Archive for Thursday, April 26, 2007

District hears bond estimate

April 26, 2007

The Eudora USD 491 Board of Education received a clearer view Monday of the possible cost of a fall 2008 bond issue.

DLR Group architect Kevin Greischar presented the board with what would be a $45 million question if the district includes everything it defined in an eight-tier list earlier in the year.

Greischar also presented the board with a preliminary construction timeline.

The first project on DLR's timeline is a 1,000-student first- through fifth-grade elementary school.

Greischar estimated the cost of the building with a fall 2009 opening in mind.

"That is going to be the first project to be done because it is the most important with what is going on," Greischar said.

After constructing the grade school, the district would stagger the construction of other projects within the bond until 2010.

"I always want to keep none of the project's bidding on top of each other," Greischar said.

According to his numbers, allowing a cost of $157.50 per square foot, the new grade school could cost the district $24.8 million. Greischar said he included a 5-percent padding for inflation within the total.

"We spent some time very specifically on the elementary school because it's the largest component."

Greischar next presented an estimated cost for improvements to Eudora Middle School. Based on community input, the district plans to build a sixth-grade attendance center at the school and improve space issues within the main building. Greischar's estimate pegged the middle school's cost at $3.21 million.

At Eudora High School, Greischar laid out plans for what could be a $6.6 million worth of improvements including a 750-seat auditorium.

Board member Mark Chrislip questioned why the square footage for the auditorium would be so much more expensive.

The relatively higher expense would be because of a specially shaped ceiling, ensuring acoustics and other special considerations the district would need with an auditorium and opposed to classroom, Greischar said.

The estimate also included a $2.9 million stadium and a $3.4 million technical education center and $378,000 worth of improvements to Eudora West Elementary to turn it into a kindergarten and preschool center.

The district has plans for the stadium already drafted, Greischar said.

The bond projects that are lower on the priority list wouldn't be built until 2010.

The total for the bond, allowing for 5-percent inflation over each of the next three years, came to $45,990,888.

Before Greischar's presentation, Superintendent Marty Kobza presented possible strategies to pay for the bond.

In his presentation, Kobza presented two scenarios. Each scenario looked at what it would take to keep the district's overall mill rate steady if the district only had a five-percent increase in assessed valuation until the time it had to pay for the bond. Historically, the district has had between 10- to 11-percent increases in assessed valuation, Kobza said.

In the first scenario, Kobza looked at the bond costing the district the estimated $40 million.

"Understand that these are very conservative estimates," Kobza said.

A $40 million bond would mean a 2.28-mill increase to the district's bonded interest payments.

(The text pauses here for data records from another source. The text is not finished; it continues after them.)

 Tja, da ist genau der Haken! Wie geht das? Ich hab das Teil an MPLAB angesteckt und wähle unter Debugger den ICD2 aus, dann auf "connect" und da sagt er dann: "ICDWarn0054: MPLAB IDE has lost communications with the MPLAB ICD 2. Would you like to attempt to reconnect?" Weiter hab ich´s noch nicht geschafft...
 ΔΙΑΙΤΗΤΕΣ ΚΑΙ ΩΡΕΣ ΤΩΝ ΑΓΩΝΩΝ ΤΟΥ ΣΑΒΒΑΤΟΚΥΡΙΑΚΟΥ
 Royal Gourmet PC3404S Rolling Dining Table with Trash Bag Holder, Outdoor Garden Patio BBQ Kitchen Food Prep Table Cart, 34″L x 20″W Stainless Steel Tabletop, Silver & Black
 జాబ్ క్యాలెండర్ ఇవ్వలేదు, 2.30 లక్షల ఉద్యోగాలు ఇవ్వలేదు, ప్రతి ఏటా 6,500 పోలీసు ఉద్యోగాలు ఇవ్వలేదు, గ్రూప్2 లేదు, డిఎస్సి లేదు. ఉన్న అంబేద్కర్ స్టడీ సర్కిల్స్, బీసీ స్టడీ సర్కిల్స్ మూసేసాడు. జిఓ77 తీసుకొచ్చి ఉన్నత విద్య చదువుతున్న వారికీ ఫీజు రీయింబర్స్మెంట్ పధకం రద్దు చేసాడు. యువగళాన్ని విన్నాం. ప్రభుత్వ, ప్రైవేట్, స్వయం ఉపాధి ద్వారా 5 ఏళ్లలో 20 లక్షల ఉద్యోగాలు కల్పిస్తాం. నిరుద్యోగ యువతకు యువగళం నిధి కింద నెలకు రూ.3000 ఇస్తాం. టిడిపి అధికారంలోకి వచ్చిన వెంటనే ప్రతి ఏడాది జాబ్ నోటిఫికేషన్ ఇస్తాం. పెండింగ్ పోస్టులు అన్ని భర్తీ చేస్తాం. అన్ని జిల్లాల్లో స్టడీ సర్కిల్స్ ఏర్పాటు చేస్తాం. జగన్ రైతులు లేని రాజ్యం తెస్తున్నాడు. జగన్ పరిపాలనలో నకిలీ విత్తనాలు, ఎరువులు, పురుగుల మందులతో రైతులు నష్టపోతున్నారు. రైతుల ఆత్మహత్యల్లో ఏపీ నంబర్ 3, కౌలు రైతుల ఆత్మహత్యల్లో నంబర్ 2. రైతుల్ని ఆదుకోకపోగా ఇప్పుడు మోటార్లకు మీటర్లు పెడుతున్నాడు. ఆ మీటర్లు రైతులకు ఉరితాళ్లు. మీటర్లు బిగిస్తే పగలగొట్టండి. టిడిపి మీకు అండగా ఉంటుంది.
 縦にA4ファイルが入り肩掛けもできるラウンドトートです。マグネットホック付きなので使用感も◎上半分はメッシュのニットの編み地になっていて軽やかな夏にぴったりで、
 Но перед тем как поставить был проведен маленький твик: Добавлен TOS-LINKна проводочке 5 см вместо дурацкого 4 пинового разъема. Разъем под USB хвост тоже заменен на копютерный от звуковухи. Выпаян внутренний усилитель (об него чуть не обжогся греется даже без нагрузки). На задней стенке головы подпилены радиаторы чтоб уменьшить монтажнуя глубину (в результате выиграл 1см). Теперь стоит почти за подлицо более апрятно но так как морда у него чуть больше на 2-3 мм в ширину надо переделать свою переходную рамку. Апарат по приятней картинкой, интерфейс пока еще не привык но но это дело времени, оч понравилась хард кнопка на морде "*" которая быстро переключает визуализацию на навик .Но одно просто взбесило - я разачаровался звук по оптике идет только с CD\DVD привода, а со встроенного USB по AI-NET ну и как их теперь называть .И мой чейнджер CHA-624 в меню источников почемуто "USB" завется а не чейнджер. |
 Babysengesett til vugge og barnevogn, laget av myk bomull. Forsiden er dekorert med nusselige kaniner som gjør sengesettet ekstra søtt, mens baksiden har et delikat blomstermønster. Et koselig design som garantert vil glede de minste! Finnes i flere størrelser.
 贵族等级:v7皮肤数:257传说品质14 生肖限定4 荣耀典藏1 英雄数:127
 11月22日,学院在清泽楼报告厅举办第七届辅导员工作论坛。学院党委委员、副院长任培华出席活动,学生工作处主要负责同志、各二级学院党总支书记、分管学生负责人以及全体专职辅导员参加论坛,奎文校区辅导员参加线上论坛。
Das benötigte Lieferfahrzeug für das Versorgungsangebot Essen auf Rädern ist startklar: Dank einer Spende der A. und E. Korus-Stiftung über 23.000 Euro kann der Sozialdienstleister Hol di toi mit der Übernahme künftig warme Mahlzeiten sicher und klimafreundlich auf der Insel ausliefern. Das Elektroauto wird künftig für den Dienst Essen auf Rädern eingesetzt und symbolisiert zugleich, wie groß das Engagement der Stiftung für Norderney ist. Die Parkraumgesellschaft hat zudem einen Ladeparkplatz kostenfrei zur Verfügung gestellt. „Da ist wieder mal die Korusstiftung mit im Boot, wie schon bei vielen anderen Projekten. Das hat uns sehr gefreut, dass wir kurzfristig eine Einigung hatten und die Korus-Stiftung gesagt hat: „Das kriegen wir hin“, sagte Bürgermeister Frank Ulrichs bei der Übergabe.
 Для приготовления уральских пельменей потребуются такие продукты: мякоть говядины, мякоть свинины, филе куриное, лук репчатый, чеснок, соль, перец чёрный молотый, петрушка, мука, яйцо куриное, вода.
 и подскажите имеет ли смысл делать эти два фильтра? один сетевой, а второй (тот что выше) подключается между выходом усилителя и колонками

In order to keep the district's overall mill rate steady, the district would need to reduce its capital outlay bonding authority from 8 to 6 mills.

If the project came to $45 million the district would see a 5.5-mill increase in its bonded interest payments.

To free up the funds in capital outlay ---- which go toward non-personnel and capital improvement projects within the district ---- the board could start trimming the possible bond package or incorporating current capital outlay projects into the bond.

In particular, the district could incorporate a lease-purchase agreement for computer technology made with Apple Inc., Kobza said.

If the district does include the lease-purchase agreement and the bond passes, the district would be able to use state aid, which would cover 37 percent of the district's total bonded interest payments.

Even in the worst-case scenario, the district would maintain the outlay funds to eliminate any impact to instructional or vital programs, Kobza said.

With the estimate in front of them, the board members will take another look at the bond priorities.

"Personally, I think we need to focus on a $45 million bond issue, but I think we really need to take a hard look at the components of that," board member Kenny Massey said.

The board took no action following the report.